*Material to process*
---------------
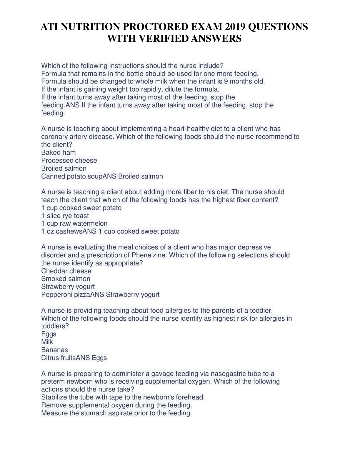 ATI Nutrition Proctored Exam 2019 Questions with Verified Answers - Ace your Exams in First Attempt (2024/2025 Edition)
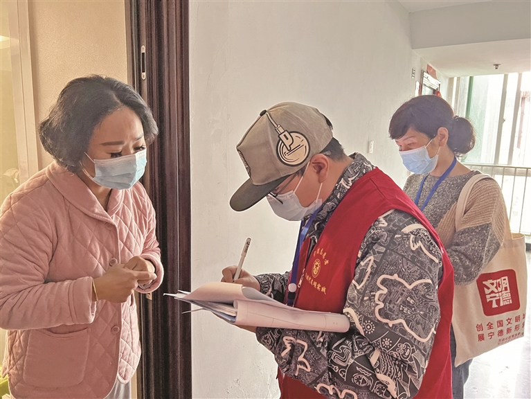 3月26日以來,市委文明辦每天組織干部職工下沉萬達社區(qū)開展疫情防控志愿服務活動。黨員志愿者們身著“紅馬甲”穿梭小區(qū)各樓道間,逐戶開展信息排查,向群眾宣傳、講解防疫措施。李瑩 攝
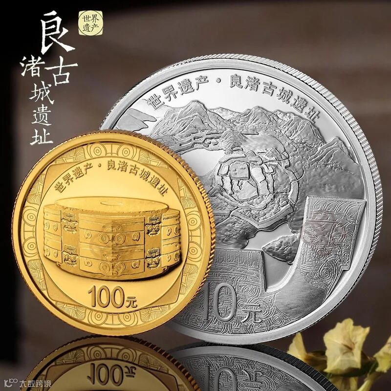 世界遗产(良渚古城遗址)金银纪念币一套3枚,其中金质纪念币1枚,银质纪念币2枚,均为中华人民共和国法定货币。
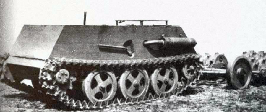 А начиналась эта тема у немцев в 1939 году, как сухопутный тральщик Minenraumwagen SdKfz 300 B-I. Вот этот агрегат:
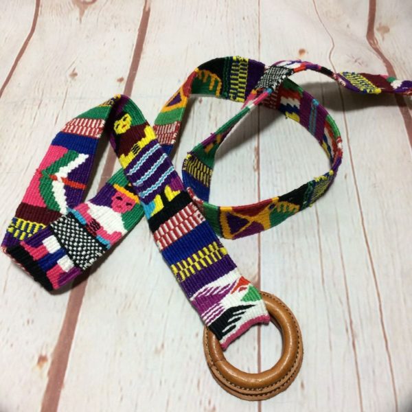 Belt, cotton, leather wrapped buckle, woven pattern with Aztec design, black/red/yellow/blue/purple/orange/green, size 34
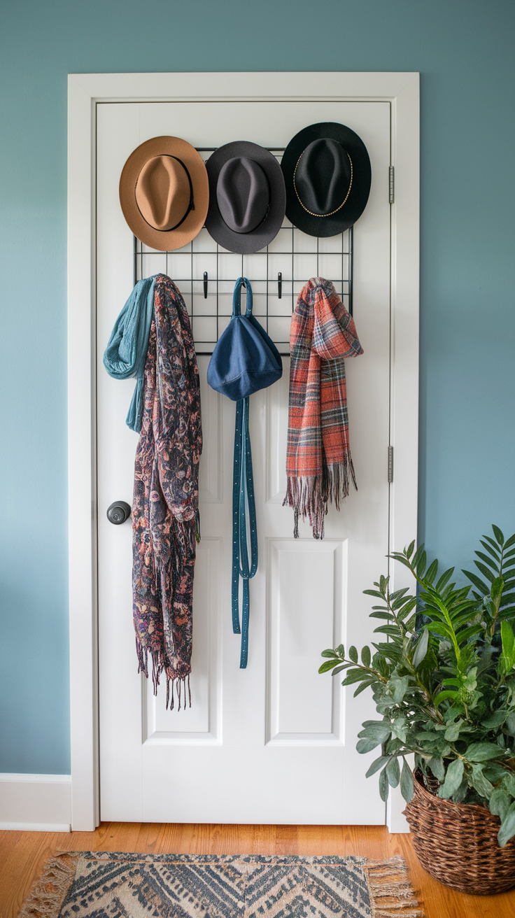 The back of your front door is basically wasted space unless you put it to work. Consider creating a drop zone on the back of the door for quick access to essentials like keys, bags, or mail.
---------------
*Assignment*
Give all of the material again, exactly, apart from the pictures.

*Solution to the problem*
 ATI Nutrition Proctored Exam 2019 Questions with Verified Answers - Ace your Exams in First Attempt (2024/2025 Edition)
 3月26日以來,市委文明辦每天組織干部職工下沉萬達社區(qū)開展疫情防控志愿服務活動。黨員志愿者們身著“紅馬甲”穿梭小區(qū)各樓道間,逐戶開展信息排查,向群眾宣傳、講解防疫措施。李瑩 攝
 世界遗产(良渚古城遗址)金银纪念币一套3枚,其中金质纪念币1枚,银质纪念币2枚,均为中华人民共和国法定货币。
 А начиналась эта тема у немцев в 1939 году, как сухопутный тральщик Minenraumwagen SdKfz 300 B-I. Вот этот агрегат:
 Belt, cotton, leather wrapped buckle, woven pattern with Aztec design, black/red/yellow/blue/purple/orange/green, size 34
 The back of your front door is basically wasted space unless you put it to work. Consider creating a drop zone on the back of the door for quick access to essentials like keys, bags, or mail.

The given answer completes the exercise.